TRY IT:
Search the records for lines with the word "solar" and copy each match.

──────── EXTRACTED DATA ────────

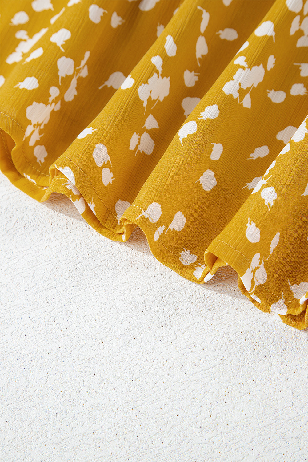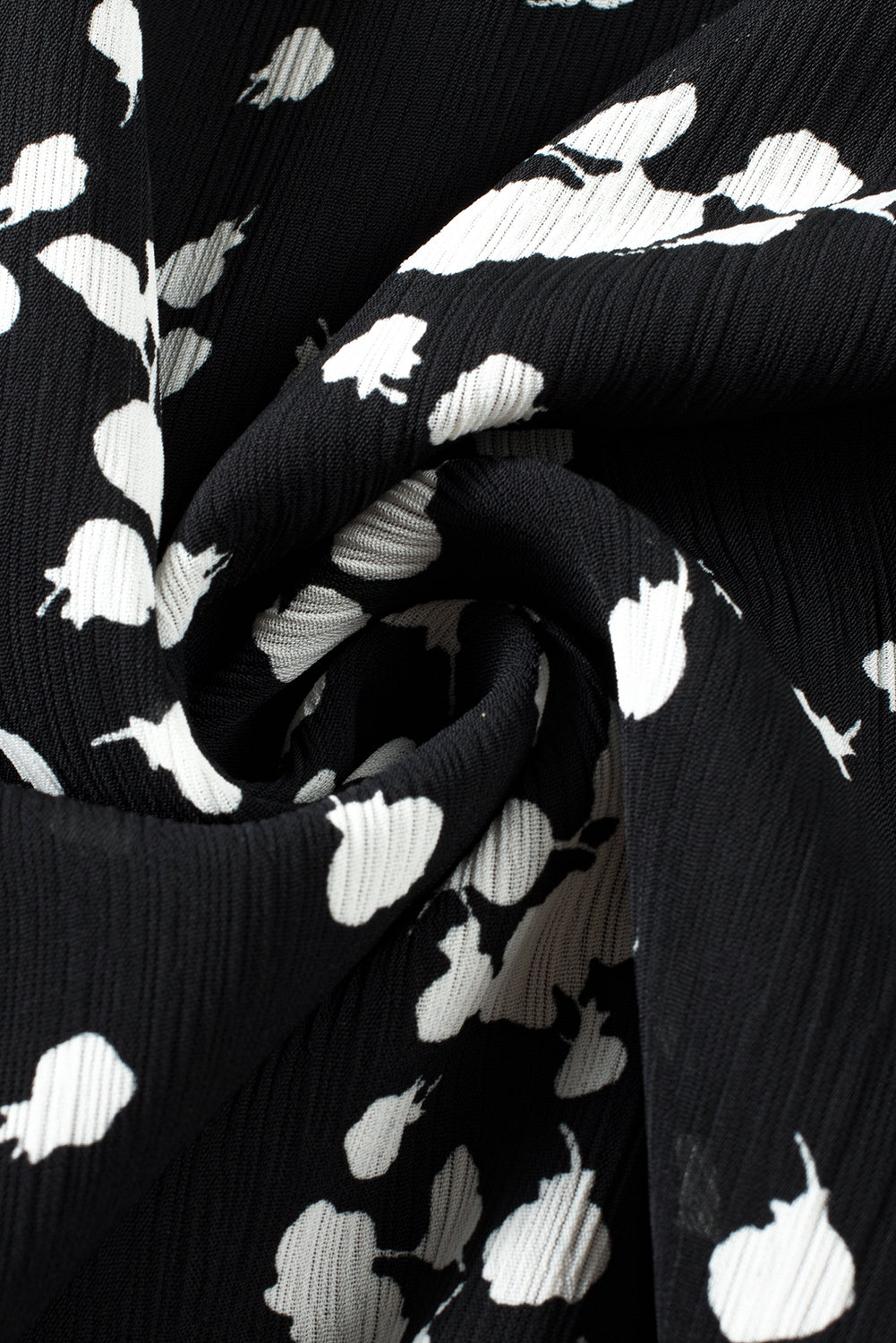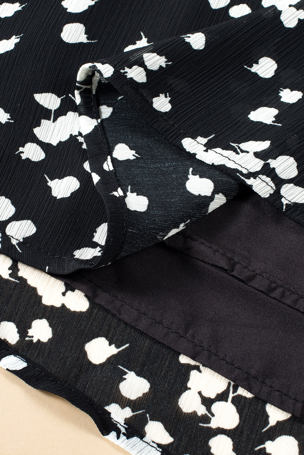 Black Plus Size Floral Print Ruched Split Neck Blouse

────────
──────── EXTRACTED DATA ────────

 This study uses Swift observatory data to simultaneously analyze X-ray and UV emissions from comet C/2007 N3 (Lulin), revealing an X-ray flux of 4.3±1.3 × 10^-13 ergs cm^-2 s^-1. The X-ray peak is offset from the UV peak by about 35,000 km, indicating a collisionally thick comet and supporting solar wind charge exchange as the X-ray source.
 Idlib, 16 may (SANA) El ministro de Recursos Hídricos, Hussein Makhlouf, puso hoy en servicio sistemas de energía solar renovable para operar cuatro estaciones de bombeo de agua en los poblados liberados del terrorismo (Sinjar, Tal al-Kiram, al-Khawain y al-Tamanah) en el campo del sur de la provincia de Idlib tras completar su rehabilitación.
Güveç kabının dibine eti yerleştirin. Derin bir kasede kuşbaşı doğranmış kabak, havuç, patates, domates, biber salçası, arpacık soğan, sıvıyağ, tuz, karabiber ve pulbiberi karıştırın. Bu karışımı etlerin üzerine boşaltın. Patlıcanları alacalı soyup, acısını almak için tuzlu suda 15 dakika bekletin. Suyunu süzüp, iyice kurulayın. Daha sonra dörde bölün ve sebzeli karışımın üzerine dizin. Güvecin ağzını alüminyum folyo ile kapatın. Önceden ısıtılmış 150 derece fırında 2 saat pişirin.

────────
──────── EXTRACTED DATA ────────

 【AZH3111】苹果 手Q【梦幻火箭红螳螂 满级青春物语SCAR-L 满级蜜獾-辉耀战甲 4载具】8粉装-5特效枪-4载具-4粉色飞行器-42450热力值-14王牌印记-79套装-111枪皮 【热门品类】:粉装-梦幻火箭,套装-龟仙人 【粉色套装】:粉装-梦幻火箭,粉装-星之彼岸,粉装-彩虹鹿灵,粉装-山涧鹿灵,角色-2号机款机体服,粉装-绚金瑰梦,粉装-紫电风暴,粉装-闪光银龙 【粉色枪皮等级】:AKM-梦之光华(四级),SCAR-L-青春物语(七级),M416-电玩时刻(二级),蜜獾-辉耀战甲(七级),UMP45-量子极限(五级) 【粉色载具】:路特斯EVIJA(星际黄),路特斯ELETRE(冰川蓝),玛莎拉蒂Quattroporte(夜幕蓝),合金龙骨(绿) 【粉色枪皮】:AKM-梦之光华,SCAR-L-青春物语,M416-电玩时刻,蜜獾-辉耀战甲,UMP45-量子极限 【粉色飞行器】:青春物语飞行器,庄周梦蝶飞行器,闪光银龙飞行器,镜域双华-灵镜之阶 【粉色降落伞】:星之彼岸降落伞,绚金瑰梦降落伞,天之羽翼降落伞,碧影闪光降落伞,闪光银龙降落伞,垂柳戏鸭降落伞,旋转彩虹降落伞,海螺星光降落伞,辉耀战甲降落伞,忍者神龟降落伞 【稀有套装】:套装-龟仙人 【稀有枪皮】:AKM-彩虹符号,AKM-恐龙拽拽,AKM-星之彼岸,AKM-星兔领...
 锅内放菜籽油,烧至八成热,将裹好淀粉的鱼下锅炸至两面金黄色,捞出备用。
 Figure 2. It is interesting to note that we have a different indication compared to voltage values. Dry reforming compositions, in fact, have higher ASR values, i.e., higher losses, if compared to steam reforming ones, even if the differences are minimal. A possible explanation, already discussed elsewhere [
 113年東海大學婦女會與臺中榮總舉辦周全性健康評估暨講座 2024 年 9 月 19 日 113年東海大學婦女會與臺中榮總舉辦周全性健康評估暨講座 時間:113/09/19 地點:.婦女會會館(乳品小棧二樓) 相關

────────

TASK SOLUTION:
 This study uses Swift observatory data to simultaneously analyze X-ray and UV emissions from comet C/2007 N3 (Lulin), revealing an X-ray flux of 4.3±1.3 × 10^-13 ergs cm^-2 s^-1. The X-ray peak is offset from the UV peak by about 35,000 km, indicating a collisionally thick comet and supporting solar wind charge exchange as the X-ray source.
 Idlib, 16 may (SANA) El ministro de Recursos Hídricos, Hussein Makhlouf, puso hoy en servicio sistemas de energía solar renovable para operar cuatro estaciones de bombeo de agua en los poblados liberados del terrorismo (Sinjar, Tal al-Kiram, al-Khawain y al-Tamanah) en el campo del sur de la provincia de Idlib tras completar su rehabilitación.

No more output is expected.